> _Data below_

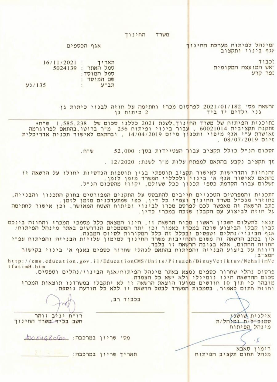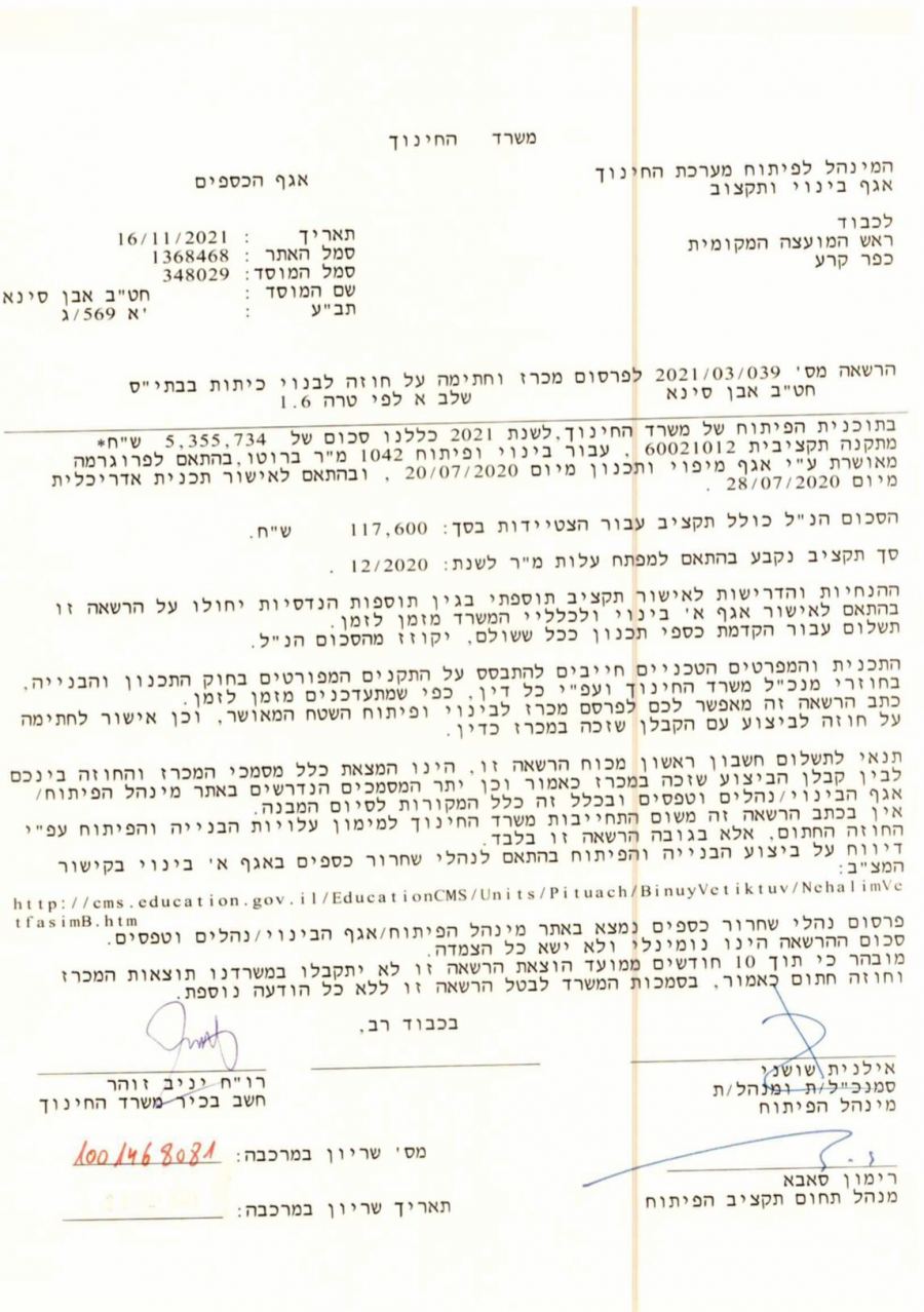 وفي نفس السياق فقد صادقت وزارة المعارف للمجلس المحلي على ميزانية 5,355 مليون شيقل لبناء جناح جديد بمدرسة ابن سينا الإعدادية، ومبلغ اضافي اخر 1,585 مليون شيقل لبناء رياض اطفال.
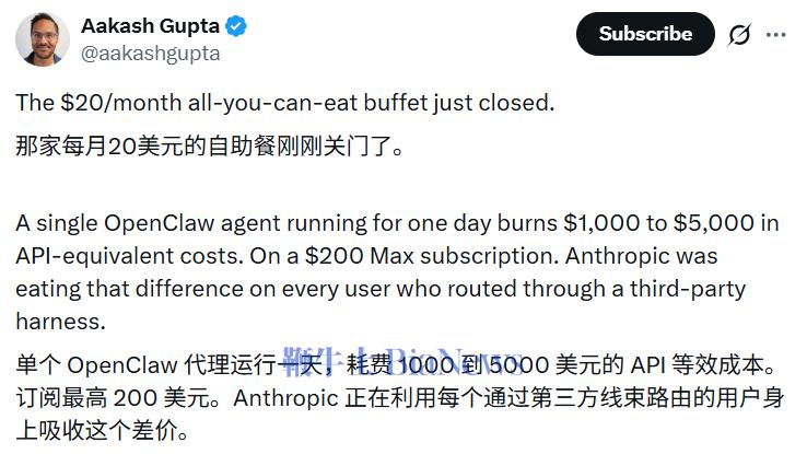 增长营销专家Aakash Gupta算了一笔账:一个OpenClaw Agent跑一天,API成本可能在1000到5000美元之间。而Claude Pro的月费是20美元,Max是100-200美元。Anthropic相当于在为每一个通过第三方接入的用户补贴数十倍的成本差额。
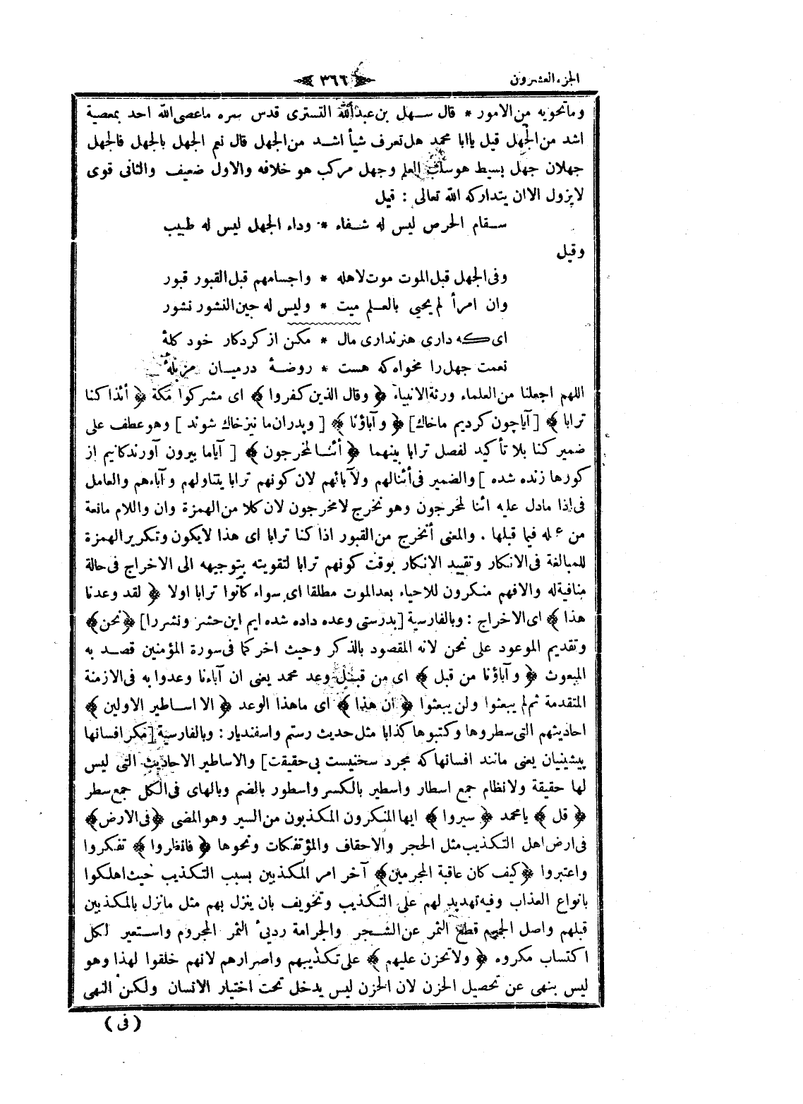 اللهم اجعلنا من العلماء ورثة الأنبياء وَقالَ الَّذِينَ كَفَرُوا اى مشركوا مكة أَإِذا كُنَّا تُراباً [آيا چون كرديم ما خاك] وَآباؤُنا [و پدران ما نيز خاك شوند] وهو عطف على ضمير كنا بلا تأكيد لفصل ترابا بينهما أَإِنَّا لَمُخْرَجُونَ [آيا ما بيرون آورندگانيم از كورها زنده شده] والضمير فى أإنا لهم ولآبائهم لان كونهم ترابا يتناولهم وآباءهم والعامل فى إذا ما دل عليه أإنا لمخرجون وهو نخرج لا مخرجون لان كلا من الهمزة وان واللام مانعة من عمله فيما قبلها. والمعنى أنخرج من القبور إذا كنا ترابا اى هذا لا يكون وتكرير الهمزة للمبالغة فى الإنكار وتقييد الإنكار بوقت كونهم ترابا لتقويته بتوجيهه الى الإخراج فى حالة منافية له والافهم منكرون للاحياء بعد الموت مطلقا اى سواء كانوا ترابا اولا لَقَدْ وُعِدْنا هذا اى الإخراج: وبالفارسية [بدرستى وعده داده شده ايم اين حشر ونشر را] نَحْنُ وتقديم الموعود على نحن لانه المقصود بالذكر وحيث اخر كما فى سورة المؤمنين قصد به المبعوث وَآباؤُنا مِنْ قَبْلُ اى من قبل وعد محمد يعنى ان آباءنا وعدوا به فى الازمنة المتقدمة ثم لم يبعثوا ولن يبعثوا إِنْ هذا اى ما هذا الوعد إِلَّا أَساطِيرُ الْأَوَّلِينَ أحاديثهم التي سطروها وكتبوها كذابا مثل حديث رستم وإسفنديار: وبالفارسية [مكر افسانها پيشينيان يعنى مانند افسانها كه مجرد سخنيست بى حقيقت] والأساطير الأحاديث التي ليس لها حقيقة ولا نظام جمع اسطار واسطير بالكسر واسطور بالضم وبالهاى فى الكل جمع سطر قُلْ يا محمد سِيرُوا ايها المنكرون المكذبون من السير وهو المضي فِي الْأَرْضِ فى ارض اهل التكذيب مثل الحجر والأحقاف والمؤتفكات ونحوها فَانْظُرُوا تفكروا واعتبروا كَيْفَ كانَ عاقِبَةُ الْمُجْرِمِينَ آخر امر المكذبين بسبب التكذيب حيث اهلكوا بانواع العذاب وفيه تهديد لهم على التكذيب وتخويف بان ينزل بهم مثل ما نزل بالمكذبين قبلهم واصل الجرم قطع الثمر عن الشجر والجرامة رديئ الثمر المجروم واستعير لكل اكتساب مكروه وَلا تَحْزَنْ عَلَيْهِمْ على تكذيبهم وإصرارهم لانهم خلقوا لهذا وهو ليس بنهي عن تحصيل الحزن لان الحزن ليس يدخل تحت اختيار الإنسان ولكن النهى

> _Task to carry out_
Print the listing verbatim, images excluded.

> _Your solution_
 وفي نفس السياق فقد صادقت وزارة المعارف للمجلس المحلي على ميزانية 5,355 مليون شيقل لبناء جناح جديد بمدرسة ابن سينا الإعدادية، ومبلغ اضافي اخر 1,585 مليون شيقل لبناء رياض اطفال.
 增长营销专家Aakash Gupta算了一笔账:一个OpenClaw Agent跑一天,API成本可能在1000到5000美元之间。而Claude Pro的月费是20美元,Max是100-200美元。Anthropic相当于在为每一个通过第三方接入的用户补贴数十倍的成本差额。
 اللهم اجعلنا من العلماء ورثة الأنبياء وَقالَ الَّذِينَ كَفَرُوا اى مشركوا مكة أَإِذا كُنَّا تُراباً [آيا چون كرديم ما خاك] وَآباؤُنا [و پدران ما نيز خاك شوند] وهو عطف على ضمير كنا بلا تأكيد لفصل ترابا بينهما أَإِنَّا لَمُخْرَجُونَ [آيا ما بيرون آورندگانيم از كورها زنده شده] والضمير فى أإنا لهم ولآبائهم لان كونهم ترابا يتناولهم وآباءهم والعامل فى إذا ما دل عليه أإنا لمخرجون وهو نخرج لا مخرجون لان كلا من الهمزة وان واللام مانعة من عمله فيما قبلها. والمعنى أنخرج من القبور إذا كنا ترابا اى هذا لا يكون وتكرير الهمزة للمبالغة فى الإنكار وتقييد الإنكار بوقت كونهم ترابا لتقويته بتوجيهه الى الإخراج فى حالة منافية له والافهم منكرون للاحياء بعد الموت مطلقا اى سواء كانوا ترابا اولا لَقَدْ وُعِدْنا هذا اى الإخراج: وبالفارسية [بدرستى وعده داده شده ايم اين حشر ونشر را] نَحْنُ وتقديم الموعود على نحن لانه المقصود بالذكر وحيث اخر كما فى سورة المؤمنين قصد به المبعوث وَآباؤُنا مِنْ قَبْلُ اى من قبل وعد محمد يعنى ان آباءنا وعدوا به فى الازمنة المتقدمة ثم لم يبعثوا ولن يبعثوا إِنْ هذا اى ما هذا الوعد إِلَّا أَساطِيرُ الْأَوَّلِينَ أحاديثهم التي سطروها وكتبوها كذابا مثل حديث رستم وإسفنديار: وبالفارسية [مكر افسانها پيشينيان يعنى مانند افسانها كه مجرد سخنيست بى حقيقت] والأساطير الأحاديث التي ليس لها حقيقة ولا نظام جمع اسطار واسطير بالكسر واسطور بالضم وبالهاى فى الكل جمع سطر قُلْ يا محمد سِيرُوا ايها المنكرون المكذبون من السير وهو المضي فِي الْأَرْضِ فى ارض اهل التكذيب مثل الحجر والأحقاف والمؤتفكات ونحوها فَانْظُرُوا تفكروا واعتبروا كَيْفَ كانَ عاقِبَةُ الْمُجْرِمِينَ آخر امر المكذبين بسبب التكذيب حيث اهلكوا بانواع العذاب وفيه تهديد لهم على التكذيب وتخويف بان ينزل بهم مثل ما نزل بالمكذبين قبلهم واصل الجرم قطع الثمر عن الشجر والجرامة رديئ الثمر المجروم واستعير لكل اكتساب مكروه وَلا تَحْزَنْ عَلَيْهِمْ على تكذيبهم وإصرارهم لانهم خلقوا لهذا وهو ليس بنهي عن تحصيل الحزن لان الحزن ليس يدخل تحت اختيار الإنسان ولكن النهى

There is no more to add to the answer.